The outcome of disputes depends not only on substance and strategy but sometimes also on tactics and timelines. A couple of weeks ago, Judge Robert N. Scola of the United States District Court for the Southern District of Florida entered a case management order that was good news for Apple and HTC but bad news for Motorola. Judge Scola consolidated two Motorola v. Apple cases, including a more recent one in which Apple asserted six new counterclaim patents not only against Motorola but also against HTC. And he adopted the slow schedule that HTC had proposed.
Yesterday, Motorola filed a motion for reconsideration, telling the judge that it would suffer "manifest injustice" if its claims against Apple went to trial in 2014, about four years after Motorola's original complaint. Motorola explained that it brought its second Florida lawsuit against Apple (in January 2012) only because it wasn't allowed to amend its infringement contentions to target the iPhone 4S and the iCloud in the 2010 case. It said Apple just wanted to delay the case through "procedural gamesmanship" after it "lost on nearly every term during claim construction". And Motorola regrets that the case management order came down two days before Motorola's deadline to respond to a pleading by Apple. But Judge Scola denied the Google subsidiary's motion today, only a day after it was filed. He entered a "paperless order" that doesn't even explain the reasoning. Since the courts enjoy quite some discretion in how they manage their cases, I guess Motorola depended on the judge's receptiveness to its petition.
The term "manifest injustice" slightly exaggerated what happened to Motorola here, but it's fair to say that the judge adopted a combination of Apple's and HTC's proposals that was worse for Motorola's purposes than even Apple's own proposal -- and that's certainly unfortunate for the Google subsidiary. Motorola has a point where it refers to Apple's "procedural gamesmanship", but everyone plays those games and Apple has also come out on the losing end in some cases.
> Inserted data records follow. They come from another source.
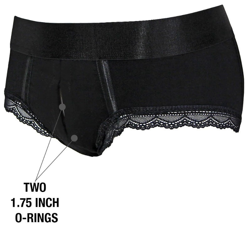 2 הטבעות מתאימות לדילדואים עד קוטר 4.44 ס"מ. טבעת עליונה ממוקמת באיזור עצם הערווה וטבעת נוספת תחתונה באיזור פתח הנרתיק.
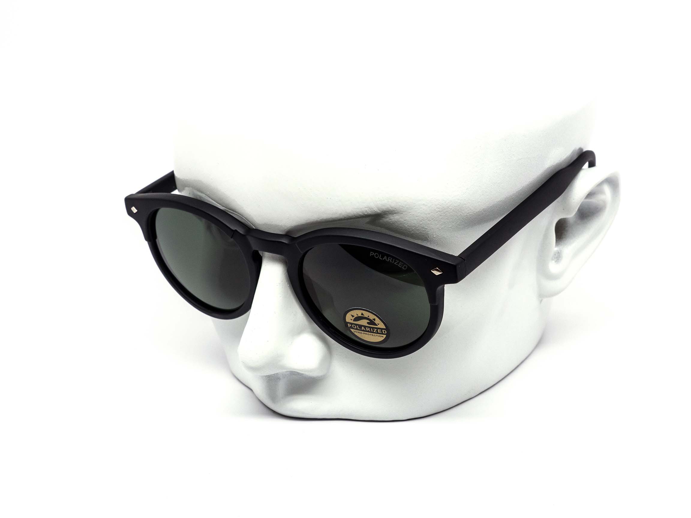 Gentle retro round new age retro style comes in various frame colors and dark polarized lens.
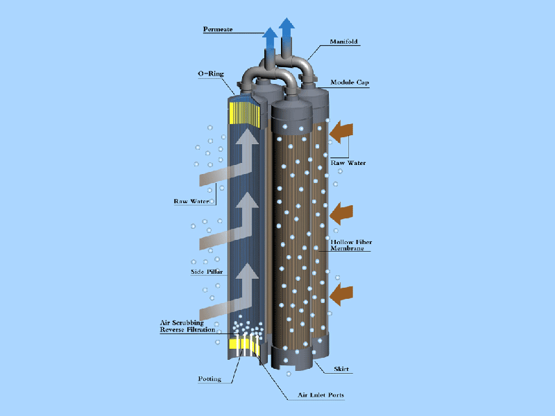 浸沒式系列產(chǎn)品采用 TIPS 法制備的 PVDF 中空纖維超濾膜,具有大通量、高強(qiáng)度,耐藥洗等特點(diǎn),全開放設(shè)計(jì),減少了污染物沉積,進(jìn)水濁度范圍更寬;組件系統(tǒng)整體浸沒于過濾水體中,曝氣集水一體化,省卻了復(fù)雜的管路及支架,使安裝維護(hù)省時(shí)省力;集成化專利技術(shù)裝備,降低了膜池占地面積,其單套處理能力在市場(chǎng)同類產(chǎn)品中最高。
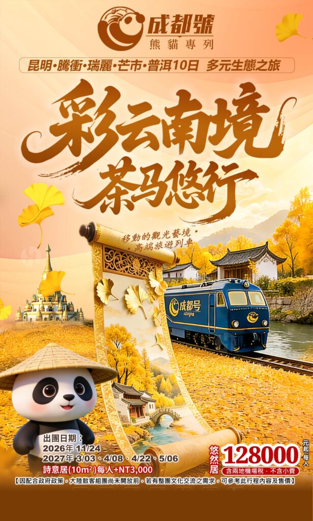 這不僅是一張車票,而是一把開啟「雲南南境・茶馬古道」歷史與生態大門的金鑰匙。我們特別規劃了台北與高雄雙點同步出發的尊榮行程,帶您優雅地駛入彩雲之南。
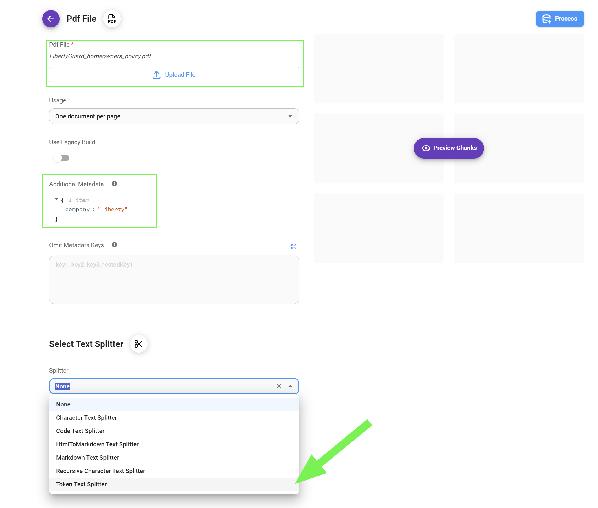 It's important to experiment with different Text Splitters, Chunk Sizes, and Overlap values to find the optimal configuration for your specific dataset. This preview allows you to refine the chunking process and ensure that the resulting chunks are suitable for your RAG system.
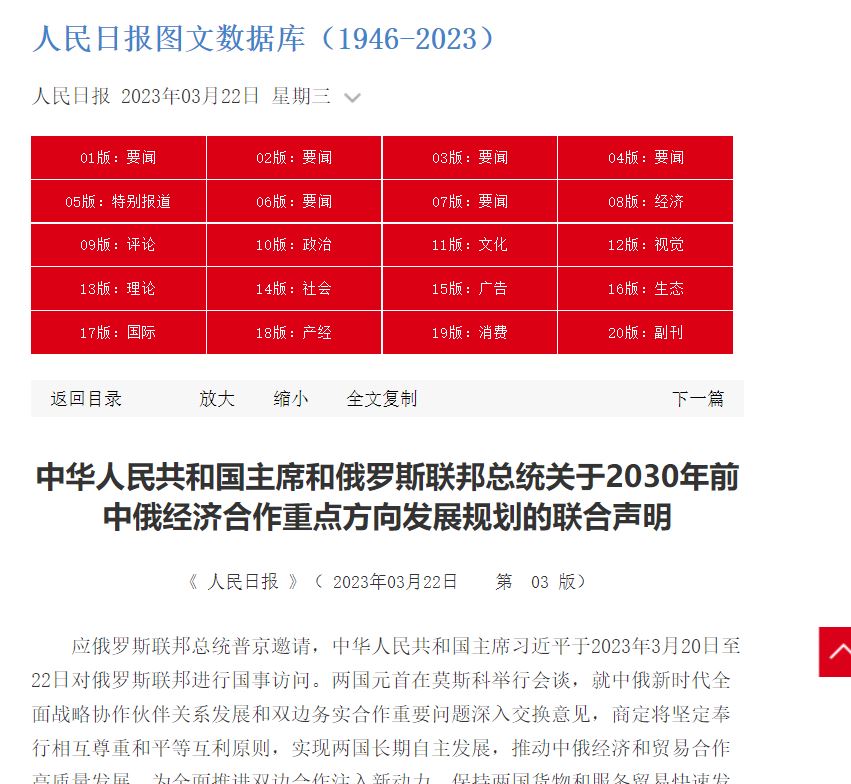 Innym dokumentem było wspólne oświadczenie prezydenta Chińskiej Republiki Ludowej i Prezydenta Federacji Rosyjskiej w sprawie planu rozwoju przed 2030 r. dotyczącego priorytetów we współpracy gospodarczej Chiny🇨🇳-Rosja🇷🇺
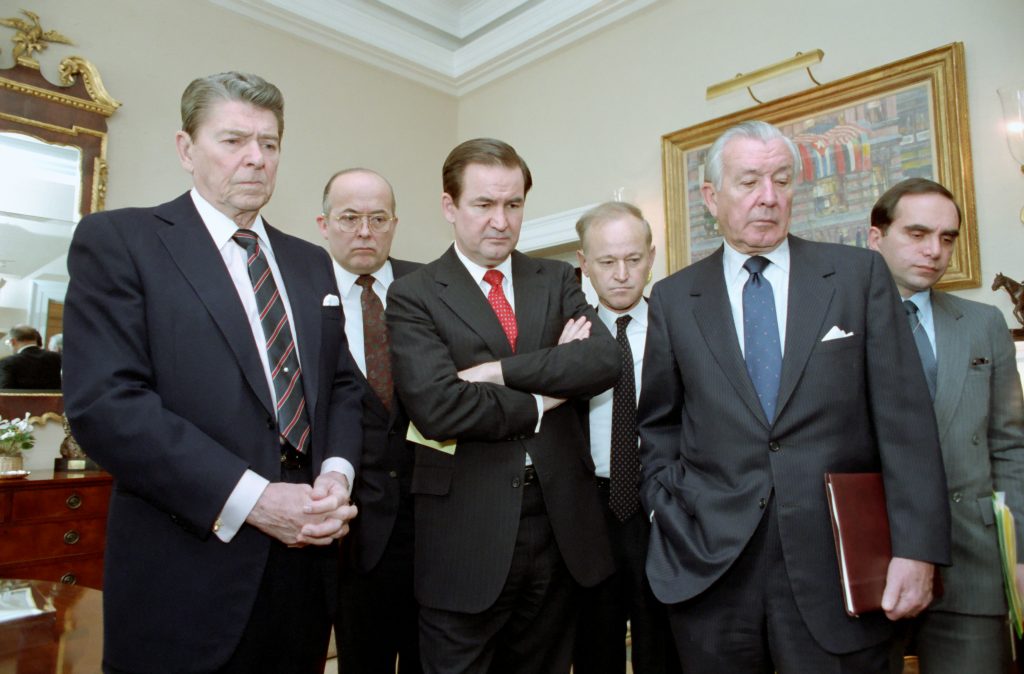 President Ronald Reagan in the Oval Office study watches a television replay of the Space Shuttle “Challenger” explosion with Don Regan, Pat Buchanan, Al Kingon, and Edward Djerejian, 1/28/1986. (National Archives Identifier 75854573)
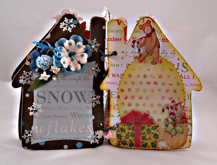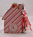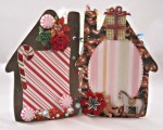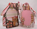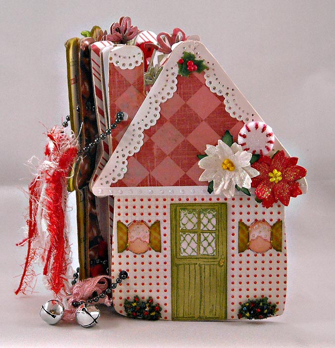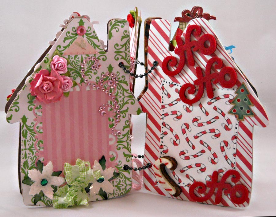 Candy Land, here we come! Only this one has no calories… just adorable spots for photos of the family at Christmas, or as a sweet gift for someone else. This album is approximately 4 1/2 inches from roof tip to roof tip and 6 inches high. It is constructed of chipboard (or heavy cardboard to the non-paper crafters out there) and then overlaid with an assortment of crafting papers and embellishments. Here are views of the pages within:
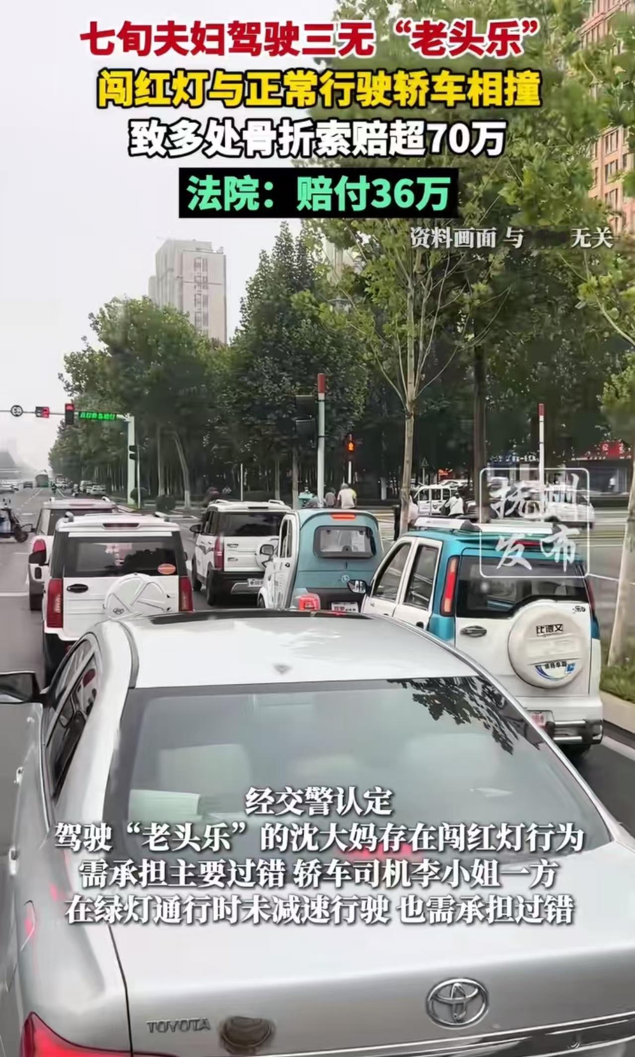 七旬夫妇驾驶三无"老头乐"闯红灯与正常行驶轿车相撞致多处骨折,起诉轿车女司机索赔超70万!法院:赔付36万!女司机:闯红灯的是我他们,我也受伤了,赔钱的怎么还是我?难道谁弱谁有理? 这天,沈大妈(化名)驾驶一辆红色“老头乐”,载着老伴黄大爷(化名),在一主干道交叉口径直闯过红灯。 此时,李小姐(化名)正驾驶车辆直行,她没想到有人会闯红灯,来不及刹车,“砰”一声巨响,“老头乐”被撞翻在地,车身严重变形。 两位老人当场倒地不起,送医后诊断为:沈大妈和黄大爷双双骨折,需长期卧床。 因为医疗费、护理费、后续康复费用迅速累积,老两口一纸诉状,将李小姐、其所在保险公司告上法庭,索赔总额高达72.8万元。 交警调查后出具事故认定书: 沈大妈驾驶“三无”车辆闯红灯,负主要责任; 李小姐在通过路口时未充分观察、未采取必要减速措施,负次要责任。 法院据此判决: 保险公司在交强险和商业三者险范围内赔付35万元; 李小姐所属公司承担律师费6000元;合计36万元由“正常行驶方”承担。 李小姐彻底懵了:“我绿灯正常走,她闯红灯撞我,结果我还得赔36万?那‘主责’到底意味着什么?难道法律是按谁伤得重来判的?” 此事迅速引爆网络,观点两极分化: 有网友说,如果你学过科目一,你就知道过红绿灯车辆要减速,这就是李小姐次责的原因。 也有网友说,按交通法论事,无牌无路权、闯红灯出事故的车及其车主,就该是全责,正常行驶的车及车主就不应该赔偿。此事的判决与交通法不符。 还有网友说,谁闯红灯谁全责,而且是三无的老头乐,必须由老头乐全责并赔付轿车损失! 三无老头乐本就不该上路!无牌无照无保险,还闯红灯,等于开着‘马路炸弹’。这种情况下,守法司机凭什么赔钱?” 这起案件撕开了中国交通法治最尴尬的裂口——当“弱势违法者”遇上“守法驾驶人”,法律究竟该保护秩序,还是同情弱者? 法院依据现行法条判李小姐承担次责,技术上或许无错。但公众的愤怒,源于一种更深层的不安:如果遵守规则的人反而要为破坏规则者买单,那规则的意义何在? 更值得警惕的是,“老头乐”乱象已成公共安全定时炸弹。它们无牌照、无保险、无安全标准,却常年混迹机动车道,闯红灯、逆行、随意变道如家常便饭。 而一旦出事,受害者反成“加害方”,守法司机反成“赔偿人”——这不仅是法律的悖论,更是治理的失职。 真正的司法公正,不应止于“按比例分摊损失”,而应推动“谁违法谁担全责”的底线回归。 否则,今天的36万,明天可能变成360万—— 当违法成本低于守法代价,文明交通将永远是一句空话。 法律可以体恤老人,但不能纵容危险;同情可以温暖人心,但不能扭曲是非。 否则,下一个被撞的,可能是你我; 而下一个被迫赔钱的,也可能就是你自己。
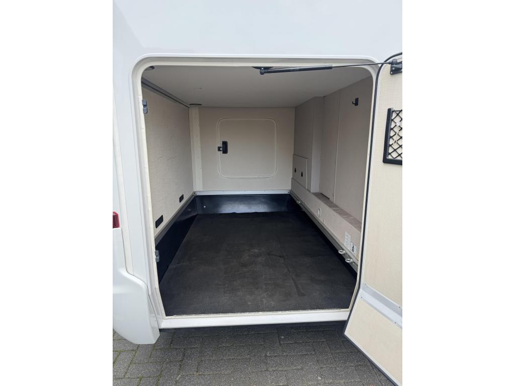 De grote garage achterin biedt voldoende opslagruimte voor al de dingen die u niet wilt missen tijdens uw camper-vakantie.
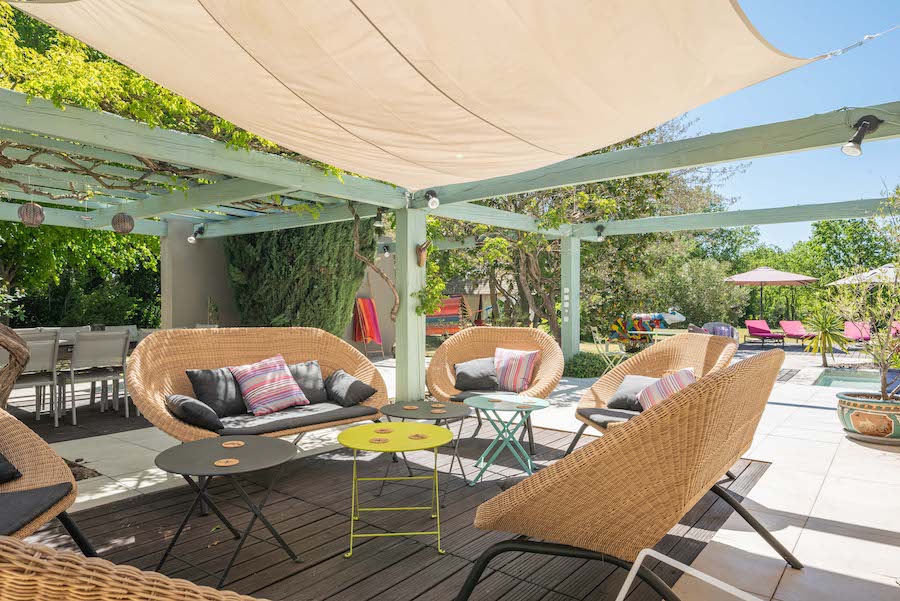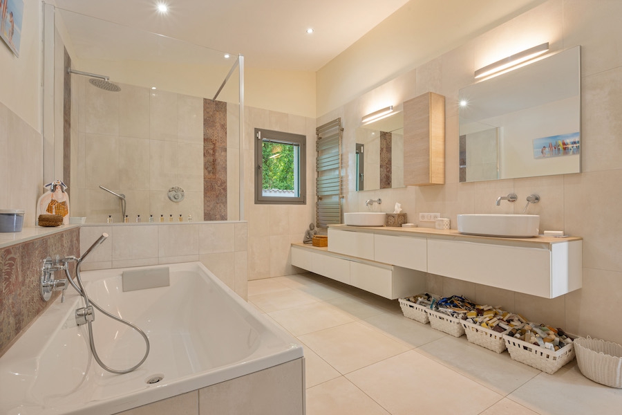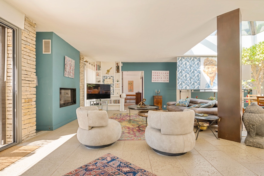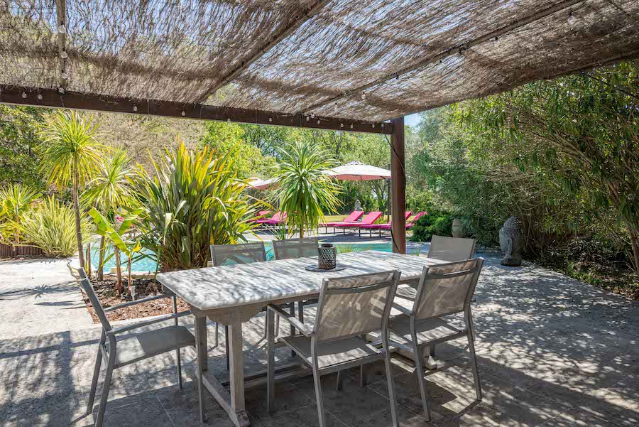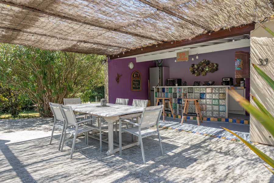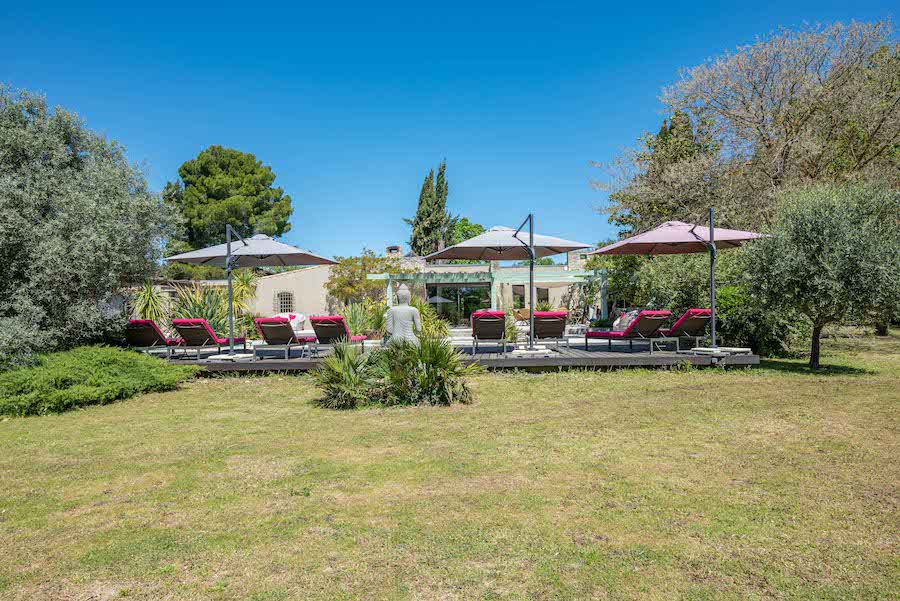The entire house opens onto the outside, allowing you to take advantage of its remarkable 350 m2 terrace planted with trees and shrubs. The garden is a haven of peace and an invitation to travel and entertain. It offers a number of relaxation areas, including a large, illuminated, free-form swimming pool, a summer bar and kitchen, a pool house, a bowling green, a built-in barbecue with double grill and a Balinese daybed. It boasts magnificent vegetation including banana, olive, laurel, magnolia and almond trees.

For example, in December 2011 the United States District Court for the District of Delaware stayed all of Apple's claims against HTC pending in that district. That sweeping order to stay was closer to the notion of "manifest injustice" than what just happened to Motorola in Florida. Even in that case, the disadvantaged party (Apple) has no one to blame but itself: HTC actually would have preferred at some point to litigate in California. In the Florida case, Motorola could have avoided all those complications by waiting with its new lawsuit until it had a 100% reliable trial date for its original claims. But it appears that Motorola thought a lawsuit targeting older iPhones than the 4S wasn't too useful on its own. Still, if Motorola had successfully enforced some of its non-standard-essential patents against older iPhones, it could have gone after newer products later. Motorola brought its new Florida lawsuit in January in the middle of a détente as far as new filings in the U.S. are concerned: neither party had filed a U.S. complaint against the other since the "Googlorola" merger announcement in August 2011.
Apple insists that HTC defend itself in Florida
Recently, HTC brought a motion to sever the claims it faces (as I mentioned in this recent post). Last week, Motorola declared itself in support of HTC's motion to sever. Apple filed its opposition brief yesterday, arguing that HTC's motion to sever is "disingenous" given that HTC itself argued in 2010 in favor of consolidating some Nokia v. Apple cases with some Apple v. HTC cases (which the federal courts didn't do; only the ITC did).
Under last year's patent reform (the America Invents Act), multi-defendant lawsuits are subject to certain requirements: there must be some common issues. In this regard, Apple points out that some of the accused technologies are Android apps that run on both companies' phones. For example, Apple shows this picture of an HTC Rezound and a Motorola DROID RAZR phone with Google Maps, and the screen content certainly appears identical:
Apple also points to both companies' membership in the Open Handset Alliance and their copyright notices in the Android source code as well as compiler directives that mention those manufacturers:
One argument that's also interesting is that Apple's infringement allegations aren't limited to the devices those manufacturers distribute but also include those defendants' own internal use and testing of stock Android (i.e., Android in the very form in which it's published on the Internet by Google):
"Moreover, Apple's complaint specifically pleads infringement of each patent in suit by HTC and Motorola based on each company's use of the identical unmodified Android source code -- for instance, during development and testing -- an allegation that HTC simply ignores."
Apple has strong arguments against HTC's motion to sever and it presented them in the most well-crafted pleading of this particular kind that I've seen to date. HTC has been very lucky in a couple of case management contexts, but it won't always be as lucky as it was in Delaware and at the ITC.